# Finding an equation and parametric description given 3 points

Let m be the plane through (0,1,1), (0,1,0) and (-2,-1,-1).

This concept has always confused me: How would I find the equation and parametric description given just these points??

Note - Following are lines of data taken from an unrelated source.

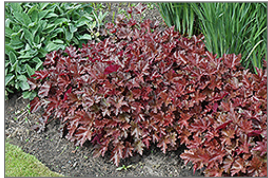
Chocolate Ruffles Coral Bells

This is a relatively low maintenance plant, and should be cut back in late fall in preparation for winter. It is a good choice for attracting hummingbirds to your yard. It has no significant negative characteristics.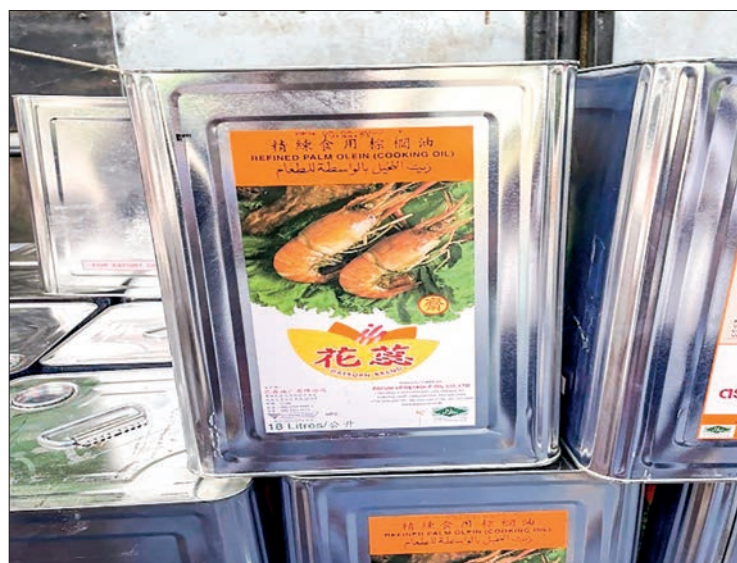
The wholesale reference rate of palm oil in the Yangon market rose again to over K5,200 per viss, according to the Supervisory Committee on Edible Oil Import and Distribution.

The Ministry of Commerce is striving for consumers not to worry over the supply of edible oil. The ministry is also trying to secure edible oil sufficiency, supervise the market to offer reasonable prices to the consumers and maintain price stability.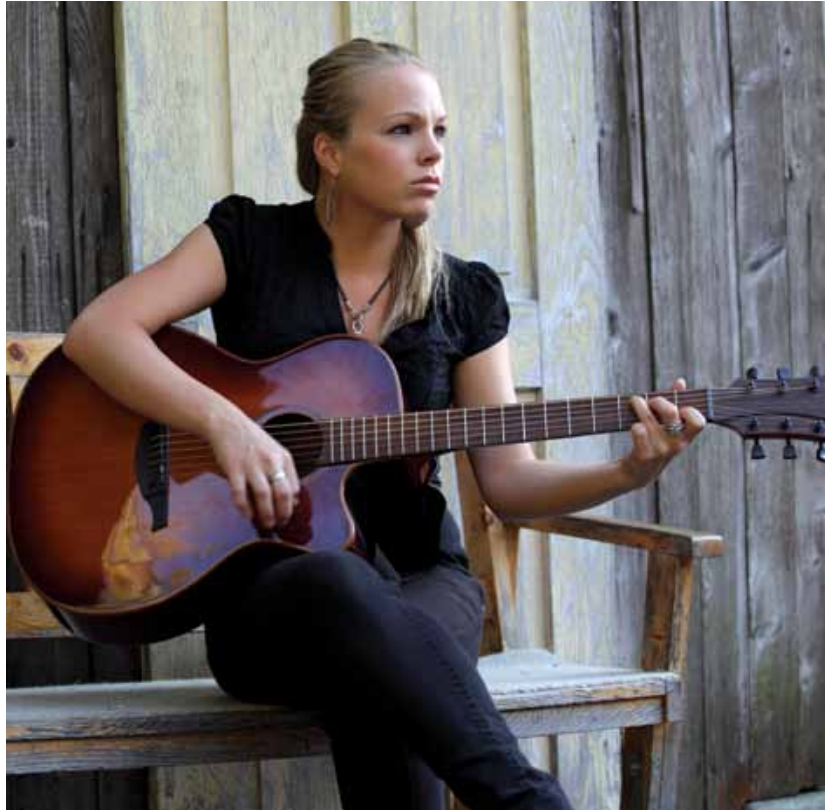
Flagstaff stages many concerts and events year-round for music lovers, including a folk festival.

The nonprofit group Flagstaff Friends of Traditional Music works to preserve, promote and share all types of American folk music and dance, especially bluegrass. The group hosts the Flagstaff Folk Festival, which features more than 150 acts as well as workshops, impromptu jams and much, much more. At its 10th Annual Picking in the Pines, scheduled for September 2015, musicians perform additional types of genres like Celtic and gypsy jazz, as well as participate in a band contest. ♦ By Mallorie Ann Ingram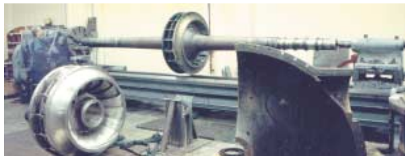
Engine Lathe — Hydro Turbine Repairs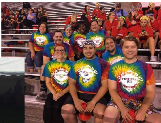
Dean of Students staff at Redbird Rumble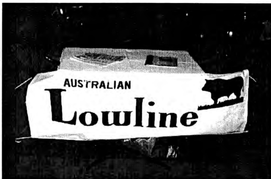
Victorian Farmers Federation Annual Dinner - What a night!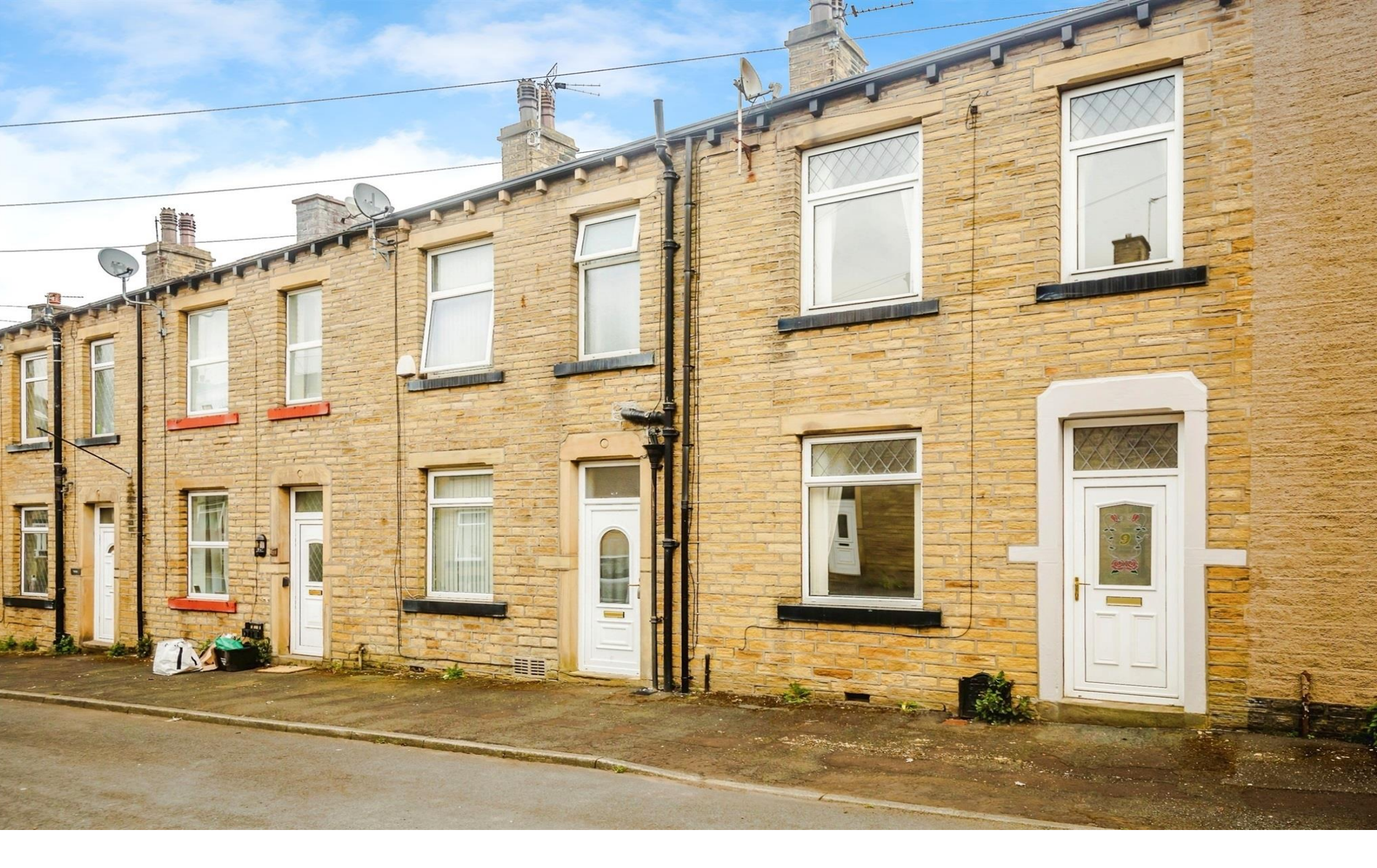
Ruskin Terrace, Halifax HX3 5DU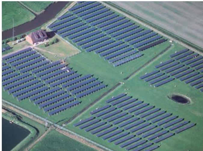
Fields of gold. Solar power is the most promising renewable energy source.

how much money is needed to reach those goals, but DOE officials have floated funding numbers of about $50 million a year. That's up from the $10 million to $13 million a year now being spent on basic solar energy research. But given the scale of the challenge in transforming the energy landscape, other researchers and politicians are calling for far more.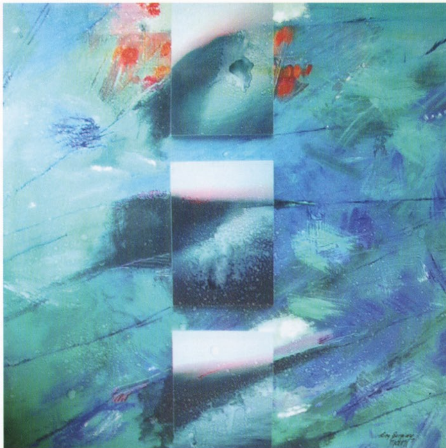
Breeze - Digital Print and Painting on canvas - 100 x 100 cm - 2007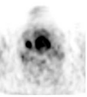
Figure 2 : CT Scan and PET Scan of the Pathology A) CT scan showing a bulging of the right supraglottic area without cartilage invasion; B) PET scan showing a mild FDG uptake at right lymph node and larynx

The stage of the tumor was a suspected T3N1M0 larvngeal neoplasm. Therefore, chemoradiation therapy was advised. The patient was programmed for 33 sessions of radiotherapy and three concomitant doses of 100 mg/m<sup>2</sup> cisplatin, but he was found dead at his home when he was about to end this treatment. The cause of the decease was a myocardial infarction. The surface of the mucosa was partially ulcerated and covered by an irregular acanthotic epithelium. The general architecture of the glands was preserved within pronounced and extensive squamous metaplasia of the salivary gland ducts and acini (Figure 3). In some instances, there was a pseudo-infiltrative pattern and slight inflammation in the surrounding tissue. Some ducts were dilated within mucous or necrotic debris. Immunohistochemistry analysis pointed flattened basal cells at the periphery of epithelial islands; P53 test result was negative (Figure 4).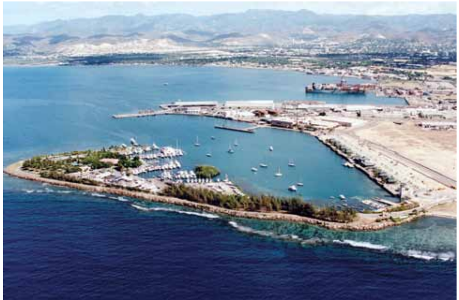
U.S. Army Corps of Engineers

In southeast Texas, there are key locations along the Gulf Coast for which sea surge barriers are appropriate, and proposals exist, along with flood-water control sys-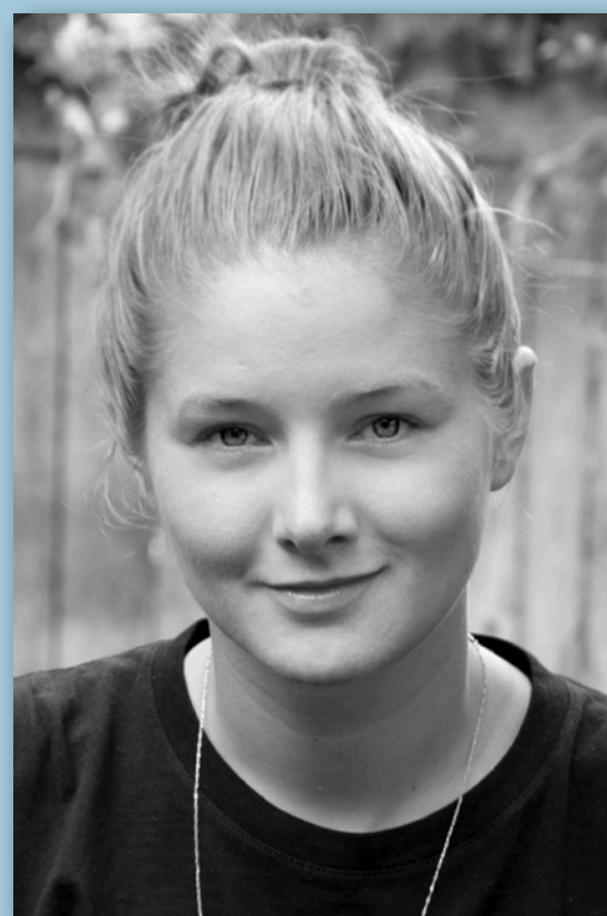
LISA GLOCK (SCREENPLAY)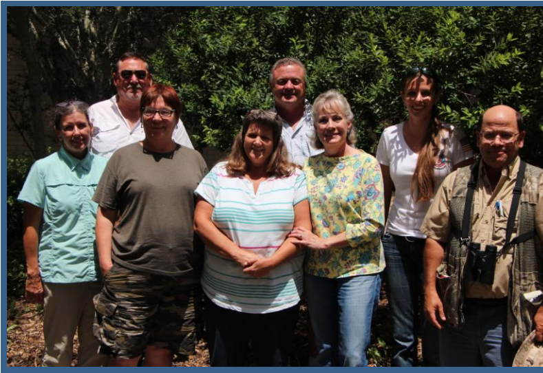
Participating educators at the 1 st Bird Conservation Curriculum Workshop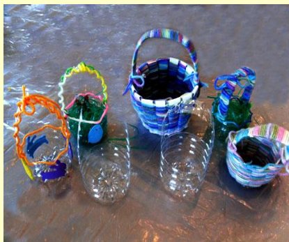
This is Lavonna's creation using plastic bottles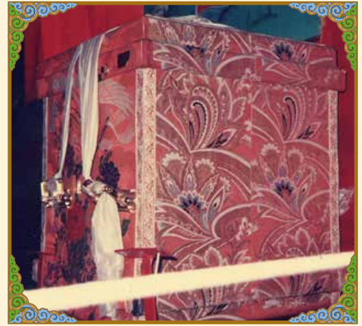
敦珠法王二世之法體由法國運返尼泊爾時所專用之寶箱 The Holy Casket, in Which H.H. Dudjom Rinpoche's Kudung was Contained, was Transferred from France Back to Nepal (1989)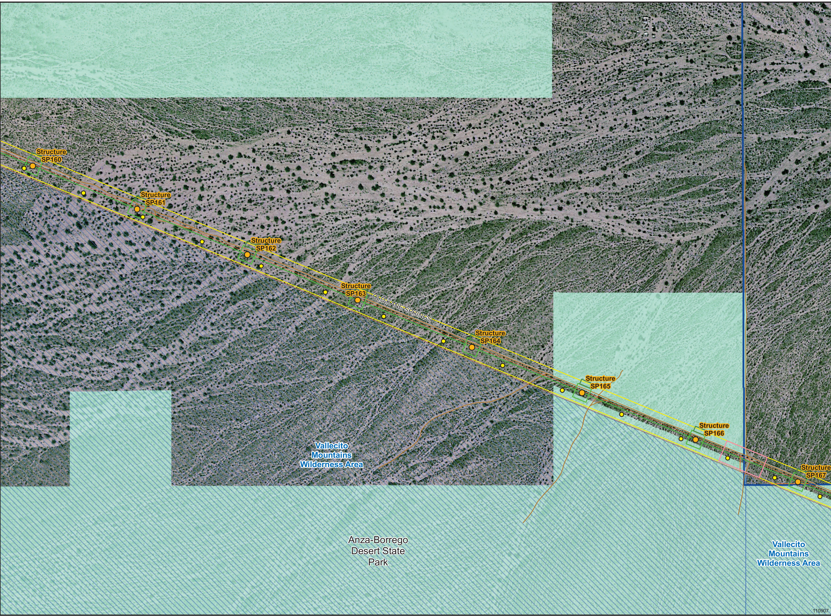
Appendix 11B, ABDSP Detail. Figure 11B-7

I think the parametric description is just (0,0,1)+t(0,0,1)+s(-2,-2,1) for some t and s; but how do you derive a formula for the plane given this information?

-
A parametric equation for l, and a parametric equation for m? – J. M. Oct 16 '11 at 0:39
What do you mean by "a formula for the plane"? A parametric description is a formula for the plane. Your parametric description seems to be wrong, since the point $(0,0,1)$ that it yields isn't on the plane. Also, why did you introduce the line $l$? It doesn't occur anywhere afterwards. – joriki Oct 16 '11 at 0:42
whoops! no l, just given those 3 points for m. – khchan Oct 16 '11 at 0:42
from what I understand, I need define v=(0,1,1)-(0,1,0) = (0,0,1) and w = (-2,-1,-1)-(0,1,0)=(-2,-2,1), where v and w are vectors that span m, then the parametric form should be (0,1,0)+t(0,0,1)+s(-2,-2,1). The part where I get confused is how I represent that in the form Ax+By+Cz=D – khchan Oct 16 '11 at 0:47

The plane is parallel to both $\langle -2,-1,-1 \rangle - \langle 0,1,0 \rangle = \langle -2,-2,-1 \rangle$ and $\langle 0,1,1 \rangle - \langle 0,1,0 \rangle = \langle 0,0,1 \rangle$. The plane passes through the point $\langle 0,1,0 \rangle$ so a parametrization for the plane is ${\bf r}(s,t)= \langle 0,1,0 \rangle + s\langle -2,-2,-1 \rangle + t\langle 0,0,1 \rangle$. You can think of this as standing at the point $\langle 0,1,0 \rangle$ and then moving any amount in either $\langle -2,-2,-1 \rangle$ or $\langle 0,0,1 \rangle$ direction to get around on the plane.
$$\langle -2,-2,-1 \rangle \times \langle 0,0,1 \rangle = \begin{vmatrix} {\bf i} & {\bf j} & {\bf k} \\ -2 & -2 & -1 \\ 0 & 0 & 1 \end{vmatrix} = \langle -2,2,0 \rangle$$.
Using the normal vector $\langle -2,2,0 \rangle$ and the point $\langle 0,1,0\rangle$, the scalar equation of the plane is $(-2)(x-0)+(2)(y-1)+(0)(z-0)=0$.